The wooden carved pillar was originally a side pillar in the old house of Chief Zingrur from the Paiwan Kaviyangan tribe. The old house was located 20-minute drive from the current Kaviyangan village and close to the summit of Nandawushan, Pingtung County.

In 1932, a Japanese anthropologist discovered the house and the pillar, collected it and archived it into the collections by Taihoku Imperial University (the predecessor of the National Taiwan University). After the handover of Taiwan in 1945, the pilar became part of the National Taiwan University (NTU) Museum of Anthropology collection.

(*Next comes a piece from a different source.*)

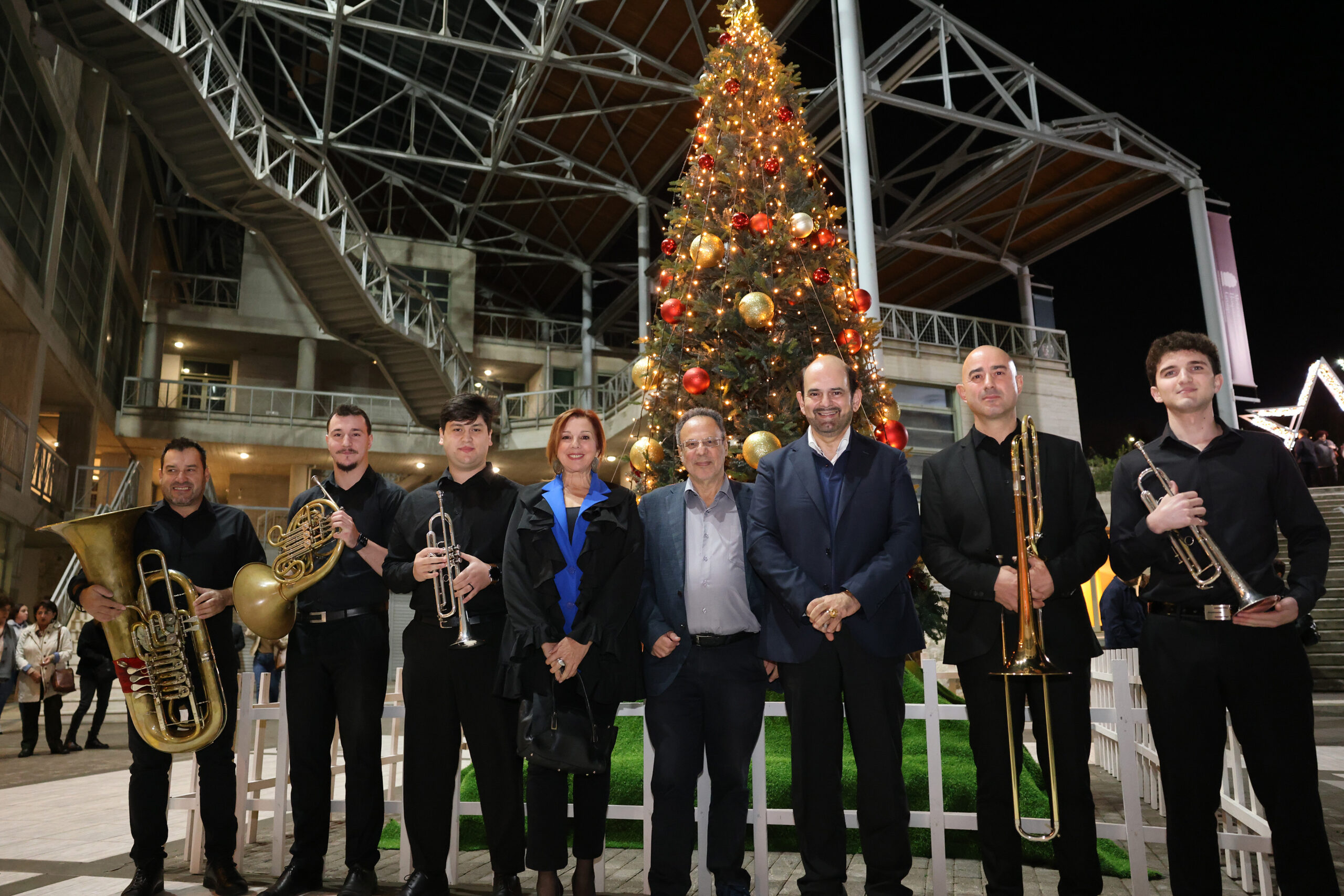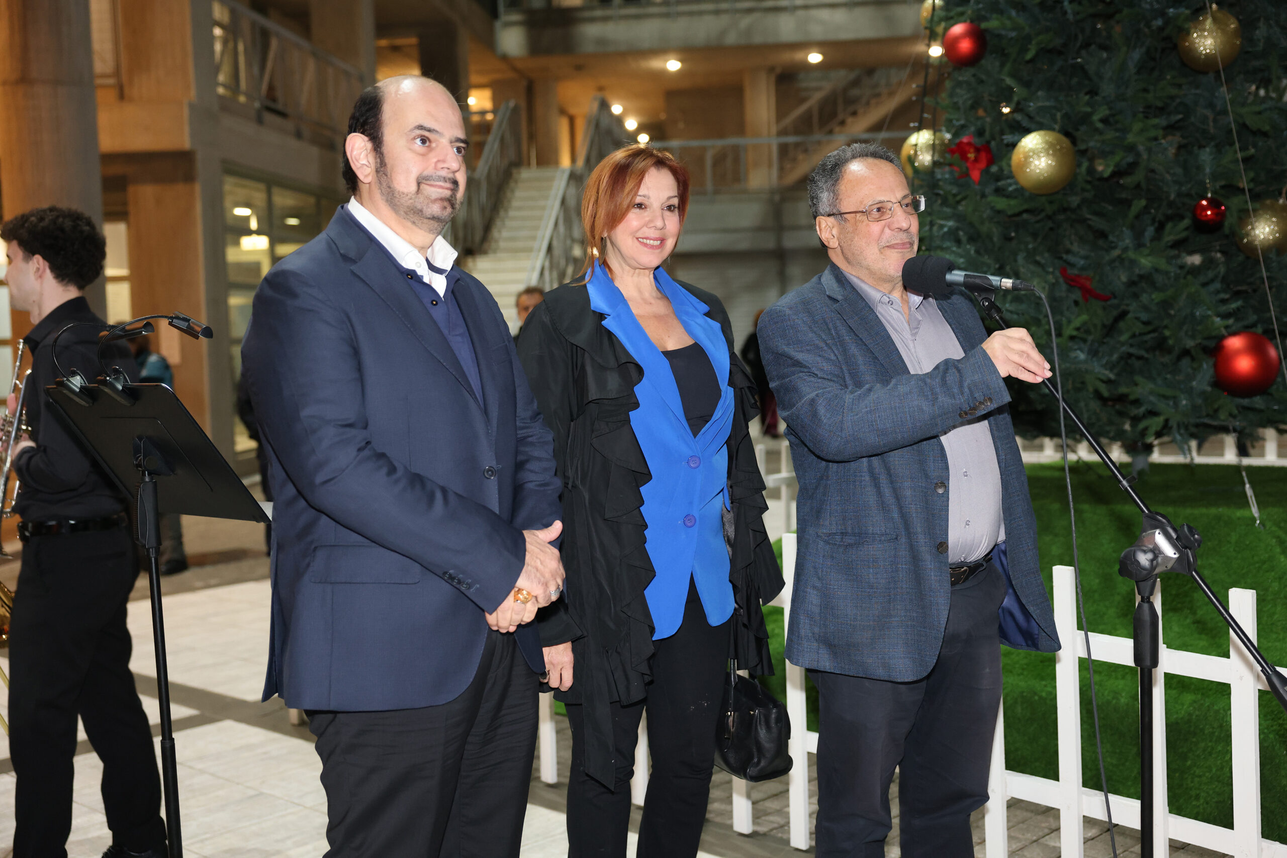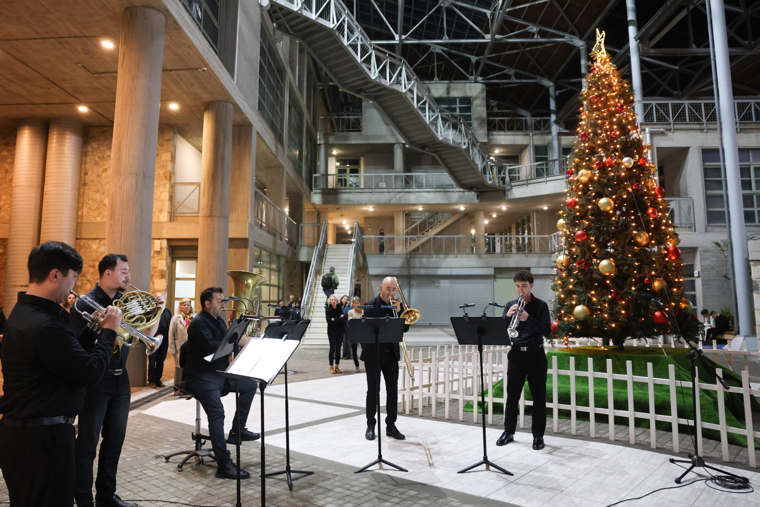 Ο Πρόεδρος της ΔΕΠΑΝΑΛ Α.Ε. Κώστας Βαρβεράκης και η Αντιπρόεδρος κ. Μάρα Παναγιωτάκη άναψαν τα φώτα του Χριστουγεννιάτικου δέντρου που έχει στηθεί στο αίθριο του ΠΣΚΗ, υπό τις υπέροχες χριστουγεννιάτικες μελωδίες που προσέφερε το Κουιντέτο Χάλκινων Πνευστών της Φιλαρμόνια Ορχήστρας Αθηνών.

In March 2015, this pillar was designated as a national treasure by the Ministry of Culture. Originally, the people from the Kaviyangan tribe wanted their pillar back, but they agreed to a compromise where a symbolic wedding between the NTU and the pillar would be held. With a traditional Paiwan wedding, it would symbolise the tribe marrying away the pillar as a bride to the university. This allowed the nobility and cultural value of the pillar to be recognized, and an alliance to be formed between the tribe and the university.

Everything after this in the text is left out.